### <center>San Jose State University<br>Department of Applied Data Science<br><br>**DATA 200<br>Computational Programming for Data Analytics**<br><br>Spring 2023<br>Instructor: Ron Mak</center>

# Titanic Survival CSV Data

#### We will analyze actual passenger survival data from the sinking of the Titanic.

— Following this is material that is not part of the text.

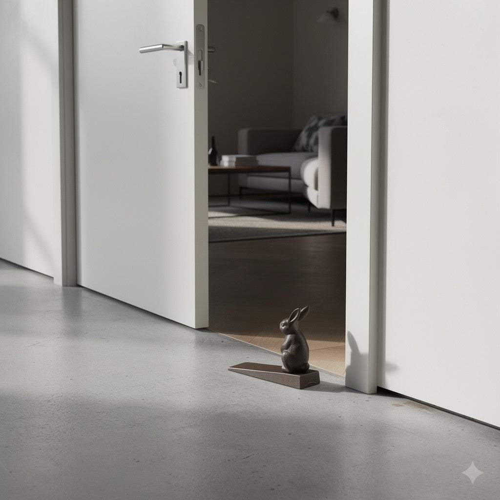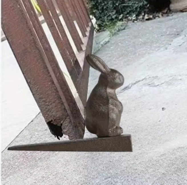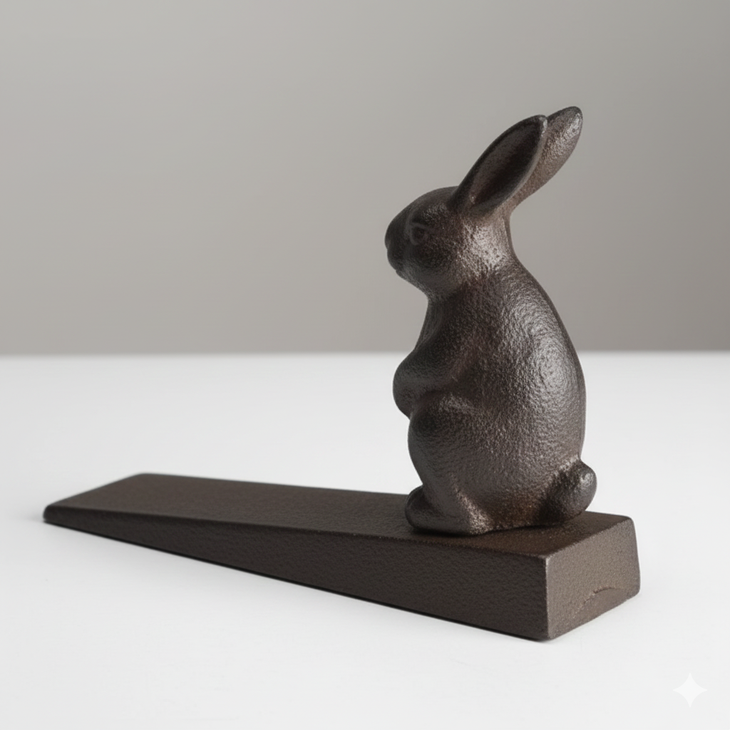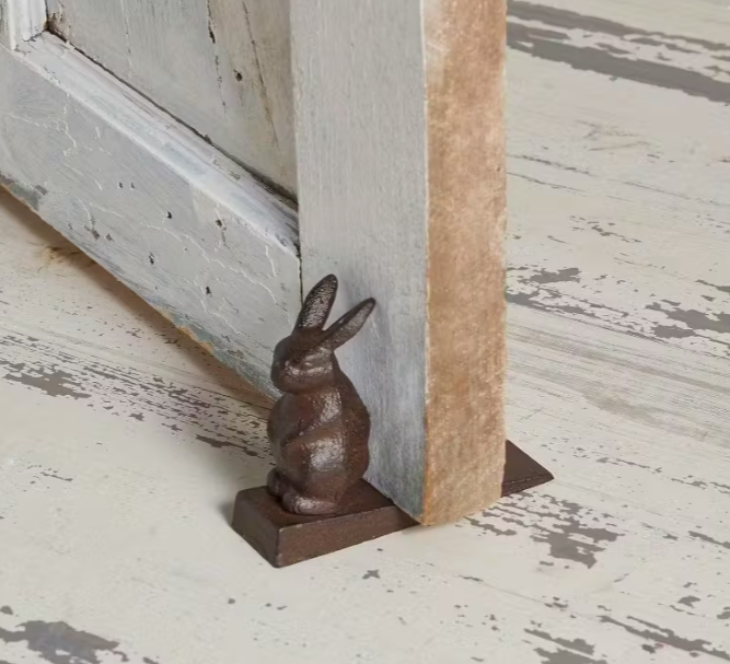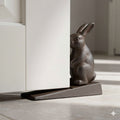 Placed at the base of the door, the solid iron wedge prevents doors from closing while the sculpted rabbit adds character and warmth.

The first few lines of `TitanicSurvival.csv`:
```
"","survived","sex","age","passengerClass"
"Allen, Miss. Elisabeth Walton","yes","female",29,"1st"
"Allison, Master. Hudson Trevor","yes","male",0.916700006,"1st"
"Allison, Miss. Helen Loraine","no","female",2,"1st"
"Allison, Mr. Hudson Joshua Crei","no","male",30,"1st"
"Allison, Mrs. Hudson J C (Bessi","no","female",25,"1st"
"Anderson, Mr. Harry","yes","male",48,"1st"
"Andrews, Miss. Kornelia Theodos","yes","female",63,"1st"
"Andrews, Mr. Thomas Jr","no","male",39,"1st"
"Appleton, Mrs. Edward Dale (Cha","yes","female",53,"1st"
"Artagaveytia, Mr. Ramon","no","male",71,"1st"
"Astor, Col. John Jacob","no","male",47,"1st"
"Astor, Mrs. John Jacob (Madelei","yes","female",18,"1st"
"Aubart, Mme. Leontine Pauline","yes","female",24,"1st"
"Barber, Miss. Ellen Nellie","yes","female",26,"1st"
"Barkworth, Mr. Algernon Henry W","yes","male",80,"1st"
"Baumann, Mr. John D","no","male",NA,"1st"
"Baxter, Mr. Quigg Edmond","no","male",24,"1st"
"Baxter, Mrs. James (Helene DeLa","yes","female",50,"1st"
```
#### Note that the name column does not have a header. Babies have fractional ages (for example, the first Allison). Not all ages were recorded, and missing ages were entered as `NA` (for example, Baumann).
#### After you've successfully identified and accessed the data you want to analyze, a major challenge is how to clean, format, and store the data in **data structures** that are appropriate for the types of analysis you want to do.
#### We want to analyze the Titanic survival data along four dimensions: survived (yes or no), sex (male or female), age (several age groups), and passenger class (1st, 2nd, or 3rd).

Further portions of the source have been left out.